It is essential to protect your lemon tree against frost damage. Citrus trees are naturally found in warmer climates, so you want to bring yours indoors during the winter to keep it healthy. If you absolutely can’t, you can cover it with horticultural fleece and wrap the pot in bubble wrap or lagging. Now, assuming it was already damaged, don’t rush to chop off those cold damaged bits; save that process until the following spring when your annual pruning takes place. And remember, it still needs water, though sporadically, in the winter. 

Tip 3: Remove Weeds

Whether your tree is growing in the ground or more commonly in the Uk, in a pot, there are still problems like weeds. You need to regularly check for weeds and remove them, especially if your lemon tree is young. Younger trees have smaller canopies which means more light gets through to the soil below, and that means weeds have a higher chance of surviving. 

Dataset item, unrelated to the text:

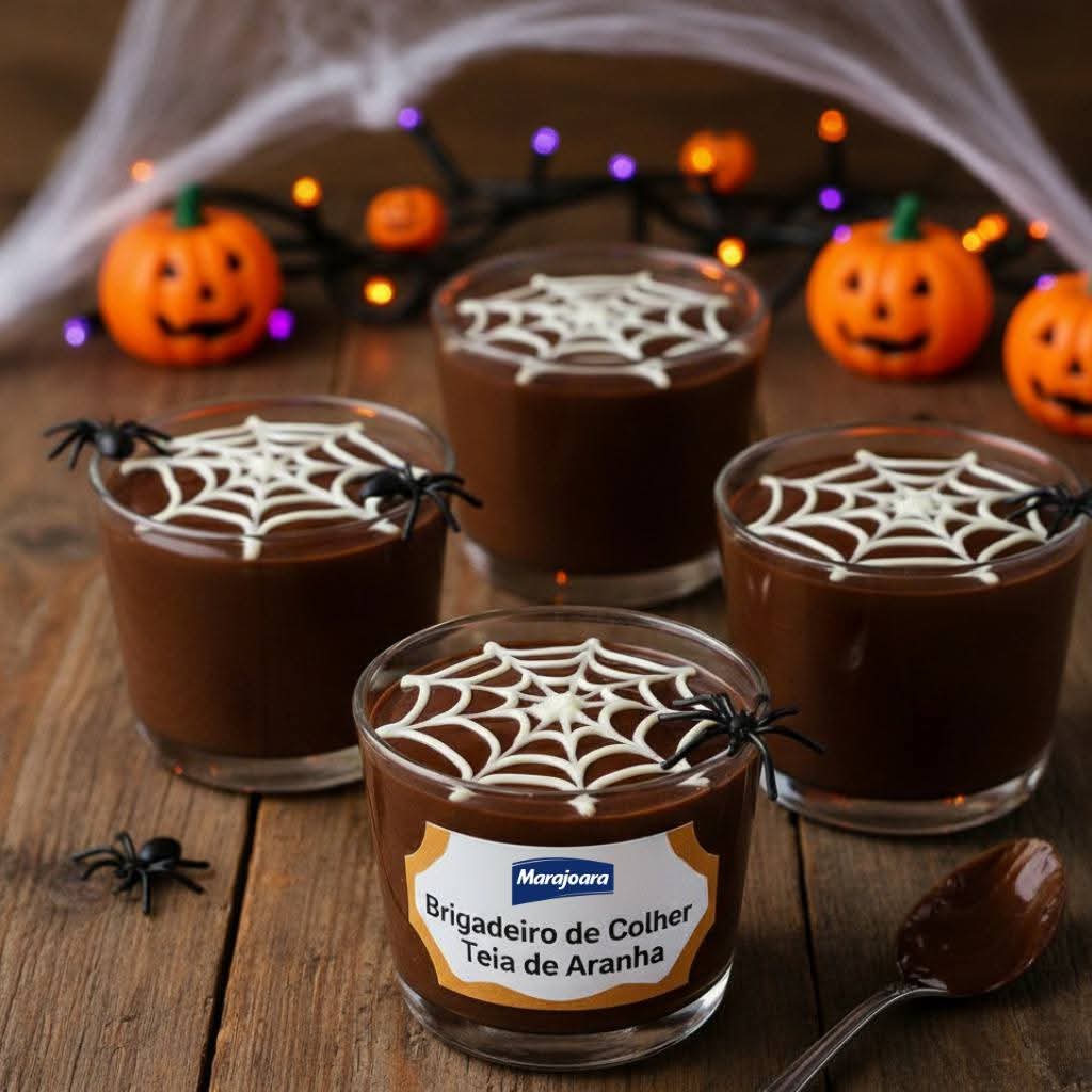 Em uma panela, coloque o leite condensado Marajoara, o chocolate em pó e a manteiga. Depois, cozinhe em fogo baixo, mexendo sempre, até começar a desgrudar do fundo. Assim que isso acontecer, desligue o fogo, adicione o creme de leite Marajoara e misture bem. Distribua em copinhos e deixe esfriar, e, por fim, finalize com cobertura branca, desenhe uma teia de aranha por cima. Solte a imaginação com as crianças!
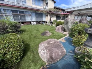 広いお庭の雑草に悩まされていた施主様 環境芝を敷設され、お庭が明るくなりお手…

Occasionally looking for weeds and removing them won’t cut it. Allowing weeds to grow too much, unchecked, will remove vital nutrients from your lemon tree. For most people growing them in pots though, this probably won’t be much of an issue.

These three trips will help you revive your sick or unhealthy looking lemon tree in no time. Remember, it might take a few months for the tree to come back if, for example, the damage was winter weather or you didn’t provide the best growing conditions and its dropped all its leaves, but come spring you will see the tree start to look much more healthy.